I’m showered and half dressed, standing in front of my locker when my phone rings on the bench behind me. Busybody that he is, Reeve grabs it before I can see who’s calling.

“Hey, Minnie,” he answers, turning casually back to his locker with the phone pressed to his ear like my mom was calling just to talk to him. Which she probably was. Reeve lived with my family on and off through high school, so my mom is like his second mother. She’s definitely seen more of him than his real mom. It’s only as I’m walking out of the locker room and heading home that the two of them manage to wrap up the gabfest and Reeve hands me my phone.

“Hi, doll,” comes Mom’s melodic, southern accent.

“Hey, Ma. How’s it going?”

“Just fine, just fine. How was practice?”

“Good. Hey, before I forget, did you get the patio thing resolved with the contractor?”

“Oh, he’s taking his sweet time, but he’ll get to it.”

“When, in January when the ground’s frozen? Just send me the dude’s number already, please? I’m sick of him jerking you around.”

“You threatening the man won’t see my patio finished any faster.”

“Yeah, I know, you catch more flies and all that. I’m not going to threaten him, I just want to remind him you have a grown son who’s not half as sweet and charming as his mother when she’s being taken advantage of.”

“Honey, dealing with a lazybones contractor is a piece of cake compared to what I’ve pulled myself through.”

“I know, Mom.” She’s walked through hell these last few years, and she’s managed to do it without her beauty-queen smile ever faltering, but if you know her well enough, you know that what my father did has changed her irreversibly. Maybe I can’t fix that, but I can get her patio finished sooner.

“I have other news for you,” she says brightly.

“Just promise you’ll send me the guy’s number if he doesn’t show up by the end of the week, okay?”

“Sure. Can we carry on now? I wanted to tell you I’m thinking of bringing a few friends to the game this weekend.”

I hesitate. I know where this conversation is headed. “I didn’t realize you were coming. It’s an away game.”

“I’m aware.”

“That’s a three-hour drive.”

“We’d make a weekend of it. I’ve been talking you up to my girlfriends, and they’d love to catch a game.”

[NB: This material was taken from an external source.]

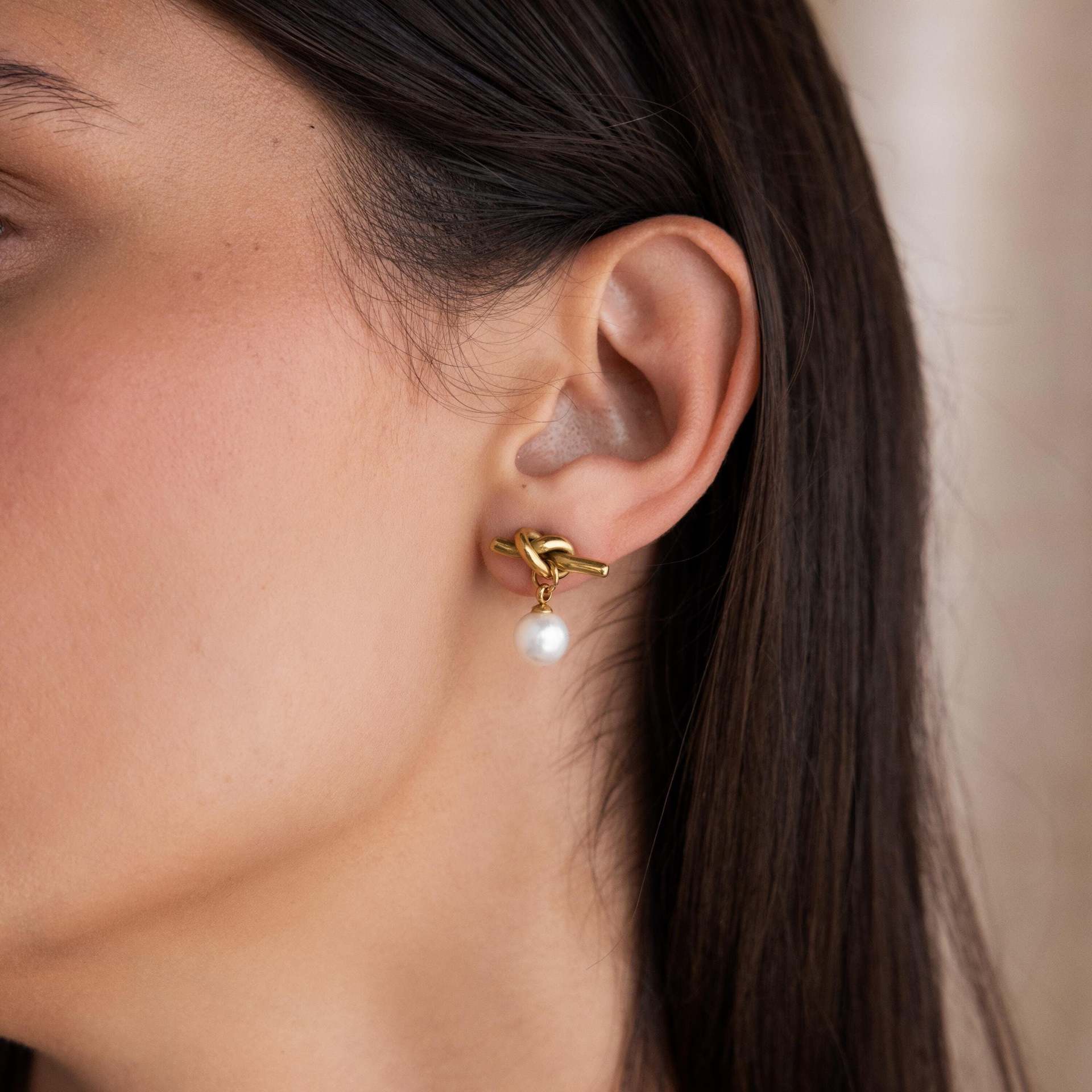 Cruach dhosmálta Buail Earring, 304 Cruach dhosmálta, le Cloch Nádúrtha & Pearl Plaisteacha, dath an óir plated, do bhean, Díolta De réir Péire

“Fine by me, but if you’re looking for a guaranteed win, this one isn’t it.”

Heavy silence. “Oh?”

“They’re ranked number three, Ma.”

“I know what they’re ranked.”

“So it’ll be a tough game; their receiver is probably best in the nation.”

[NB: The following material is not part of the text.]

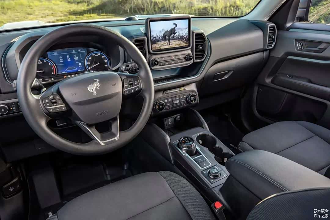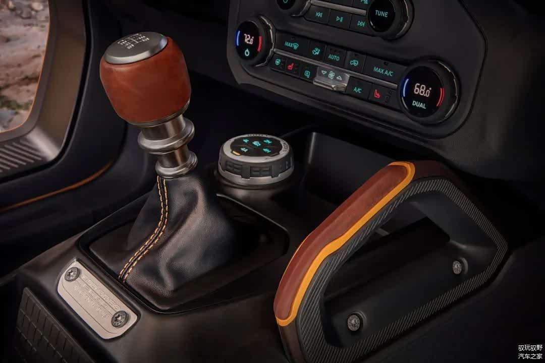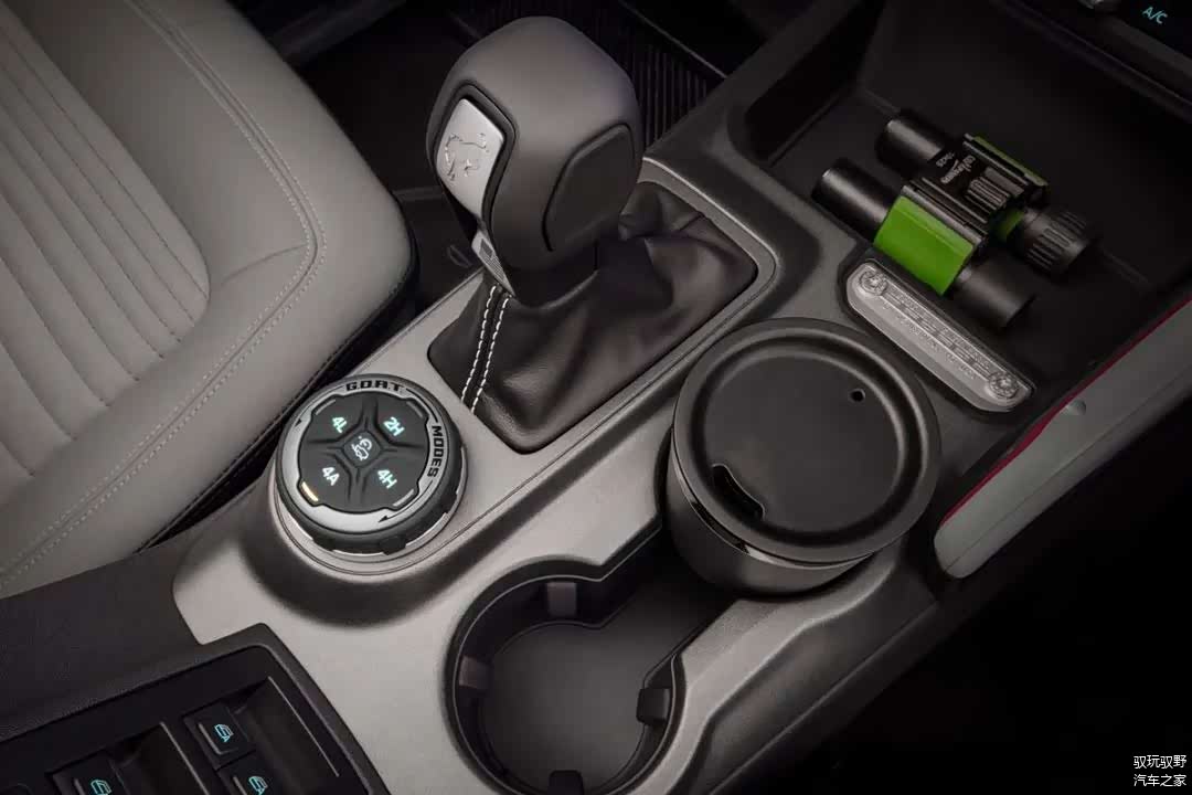 中控下方,从福特发布的官方图中可以看到,有旋钮式、握式的自动和手动档三种。仔细看,还能看到福特Bronco具备4H、4L、2H、4A和几种不同的驱动模式。

“I see.” I can hear the wheels turning in her head. A game where her son doesn’t dominate every second he’s on the field? And with friends there to witness? Bad news. “I wonder if perhaps this isn’t the right weekend for a game.”

“Your call, Mom,” I tell her. “I’m almost home so I’m gonna go. Just let me know about tickets.”

“Sure thing, I’ll think about it. Love you, doll.”

She doesn’t need to think about it; she’s not bringing anyone to a game where I don’t shine bright enough to justify her constant bragging. I couldn’t care less if my mom’s friends see me up against a better athlete. What I can’t do is let my mom down, not after everything she’s put into my football career and not after the shit she’s been through. My mom deserves to see a dream come true.

It’s just too bad her only dream is me signing a pro football contract. Because the closer I get to the end of my college ball career, the more I worry it might all end right there.